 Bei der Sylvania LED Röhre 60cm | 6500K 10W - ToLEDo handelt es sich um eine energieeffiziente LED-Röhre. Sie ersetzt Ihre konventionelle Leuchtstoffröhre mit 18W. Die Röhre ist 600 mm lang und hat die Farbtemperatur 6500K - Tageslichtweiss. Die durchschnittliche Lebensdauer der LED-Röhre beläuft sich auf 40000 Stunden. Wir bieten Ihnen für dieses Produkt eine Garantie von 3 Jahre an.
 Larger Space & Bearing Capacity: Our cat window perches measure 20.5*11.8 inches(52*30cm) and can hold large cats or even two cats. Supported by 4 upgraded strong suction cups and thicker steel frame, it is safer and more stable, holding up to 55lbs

* * *

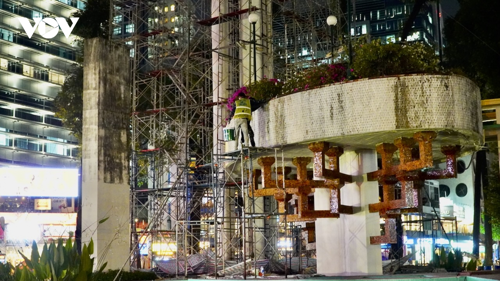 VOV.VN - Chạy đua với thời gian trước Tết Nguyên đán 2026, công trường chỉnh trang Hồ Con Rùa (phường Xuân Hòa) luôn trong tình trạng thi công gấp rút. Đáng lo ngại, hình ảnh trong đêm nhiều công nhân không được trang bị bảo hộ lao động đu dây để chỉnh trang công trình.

PROBLEM TO SOLVE: Print only what lies in the material above starting at the line with "Bei der Sylvania" and ending at the line with "Larger Space &", every line exactly as given.

SOLUTION TO THIS EXERCISE:
 Bei der Sylvania LED Röhre 60cm | 6500K 10W - ToLEDo handelt es sich um eine energieeffiziente LED-Röhre. Sie ersetzt Ihre konventionelle Leuchtstoffröhre mit 18W. Die Röhre ist 600 mm lang und hat die Farbtemperatur 6500K - Tageslichtweiss. Die durchschnittliche Lebensdauer der LED-Röhre beläuft sich auf 40000 Stunden. Wir bieten Ihnen für dieses Produkt eine Garantie von 3 Jahre an.
 Larger Space & Bearing Capacity: Our cat window perches measure 20.5*11.8 inches(52*30cm) and can hold large cats or even two cats. Supported by 4 upgraded strong suction cups and thicker steel frame, it is safer and more stable, holding up to 55lbs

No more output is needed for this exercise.